Pada kasus anak yang kurang nurut, saya tanya, apakah anda memang sudah memberikan label pada si anak dengan terminologi nurut atau nakal? Lebih sering mana anda memberikan label kepada anak diantara dua perkara tersebut? Lalu, di depan anak, kita sebagai pihak yang sangat berperan besar memberikan teladan (keteladanan merupakan asas yang kuat dalam ilmu parenting), kita sudah nurut sama suami atau istri atau mertua atau orang tua kandung kita dihadapan si anak atau belum?

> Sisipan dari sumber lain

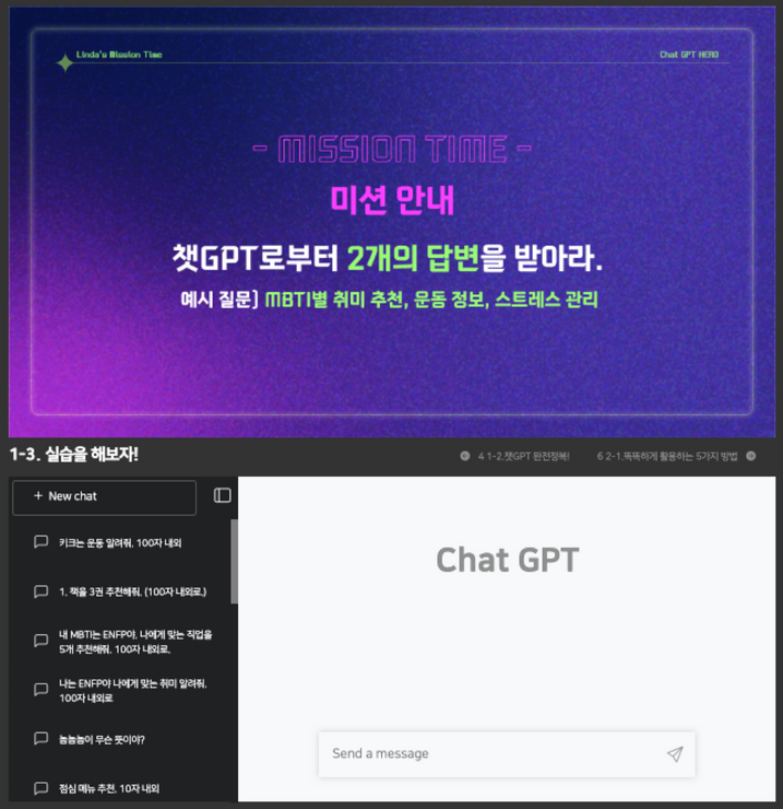 생성형AI 챗GPT의 개념을 이해하고 이를 학교 생활 및 학업에 활용하는 방법 습득, AI 도구를 통한 문제 해결 과정 체험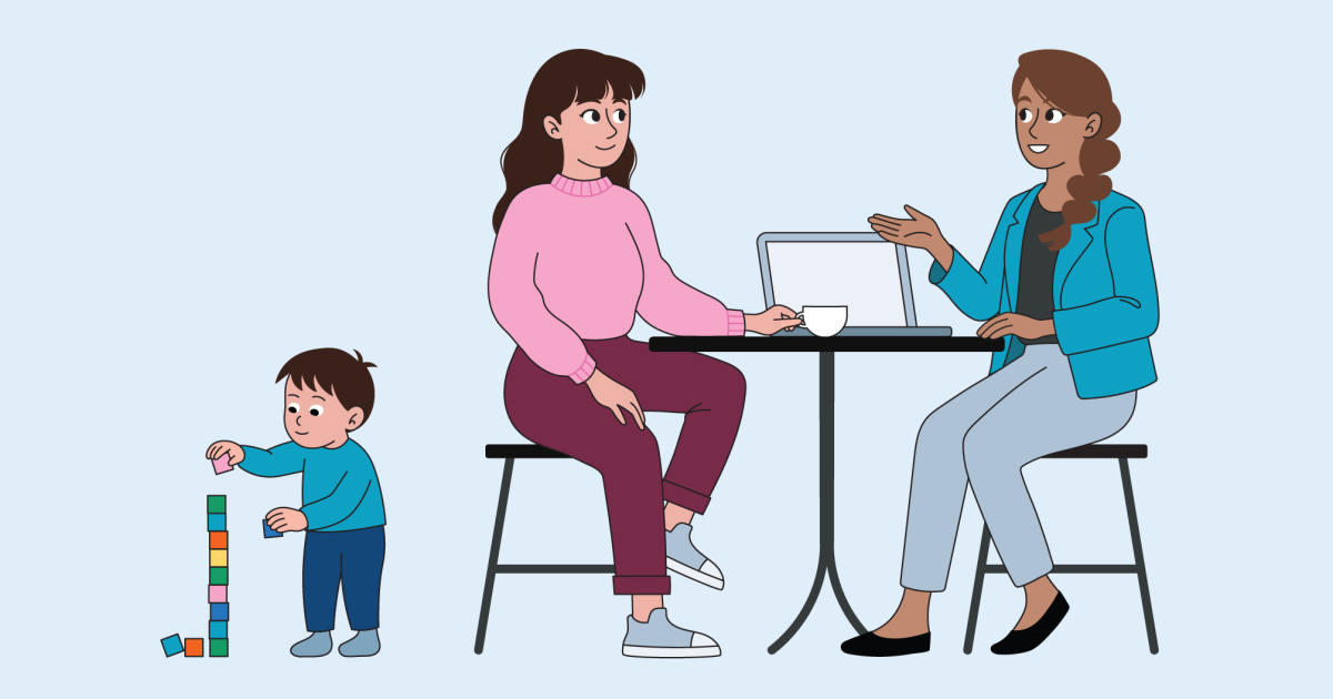 Voit tavata valmentajasi esimerkiksi viisi tuntia kuukaudessa. Sovitte yhdessä sinulle sopivan paikan ja ajan. Voit ottaa lapsesi mukaan tapaamisiin.

Semestinya tiga pertanyaan tersebut bisa menjadi bahan renungan. Bagaimana anak bisa lebih nurut wong setiap hari kita memberikan identitas kepada si anak bahwa dirinya anak nakal. Belum kakek atau nenek, tetangga, teman-teman bermainnya,guru playgroupnya yang menguatkan identitas bahwa dirinya nakal. Si anak bermain sedikit menganggu hak teman lainnya, kita cap “anak nakal”. Si anak belum mengerti bagaimana seharusnya menata kembali mainannya bahkan kita belum mengajarinya, kita stampel dahinya dengan perkataan “nakal”. Demikian selanjutnya, yang berulang-ulang dikepalanya berbagai stampel negatif yang menguatkan dirinya sebagai anak nakal.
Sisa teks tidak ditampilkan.